In a typical hard disk drive (HDD), servo sectors on a disk are used to provide position information about the location of a magnetic head over a disk surface. A common approach for writing such servo information on each disk surface on an HDD is referred to as spiral-based self-servo writing, or spiral-based SSW. According to this approach, spiral-shaped servo information (or “servo spirals”) is written on at least one disk surface prior to the SSW process.
Generally, each servo spiral is written on a disk surface to include a constant high-frequency pattern interrupted by synchronization marks that provide timing and location information to the servo system of the HDD during an SSW process. When a write head performs spiral-based SSW, the final servo information on a disk surface is written by the write head, and the position of the write head relative to the disk surface is controlled based on such servo spirals. Typically, spiral search mode is employed to demodulate the signal generated by a read head crossing the servo spirals and extract the necessary timing and location information.

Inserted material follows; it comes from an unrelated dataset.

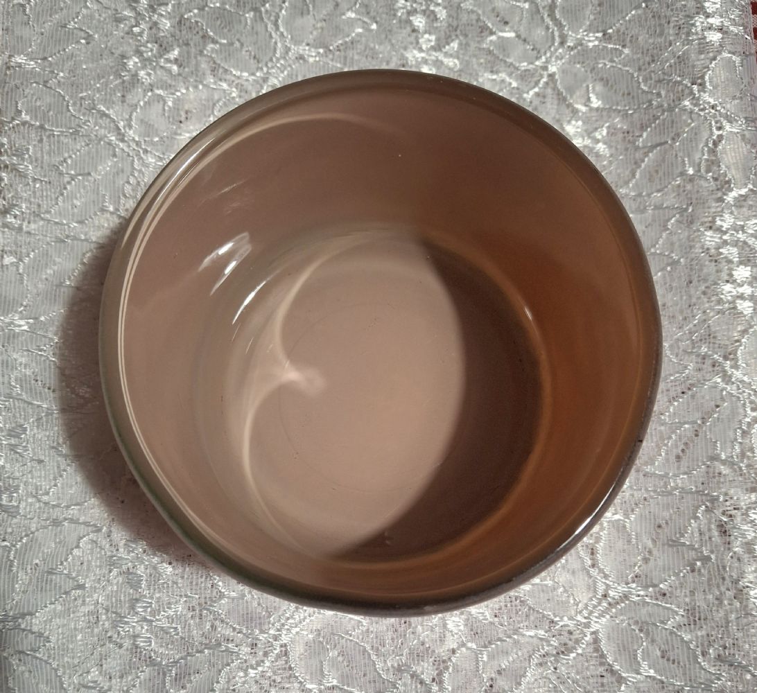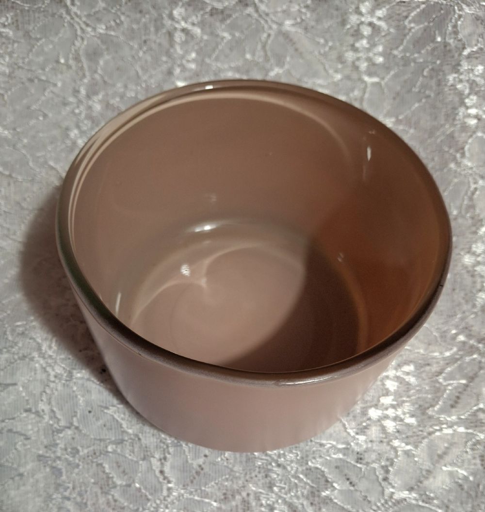 Descrizione:Ciotola in vetro rosa cipria satinato, conteneva una maxi candela profumata.

In the spiral search mode, the read channel of a magnetic head is continuously seeking valid spiral crossing signals via peak detection circuitry. Thus, even when a servo spiral is offset from its expected location, the read channel can still detect the signal corresponding to the spiral crossing. However, such peak detection circuitry is not 100% accurate, because for each servo spiral, there is generally a small chance the detection circuitry will fail to detect the servo spiral or falsely determine that stray signals on the disk surface are the servo spiral. Such failures to detect and false detections typically lead to a failure of the drive, requiring the drive to be reworked or discarded.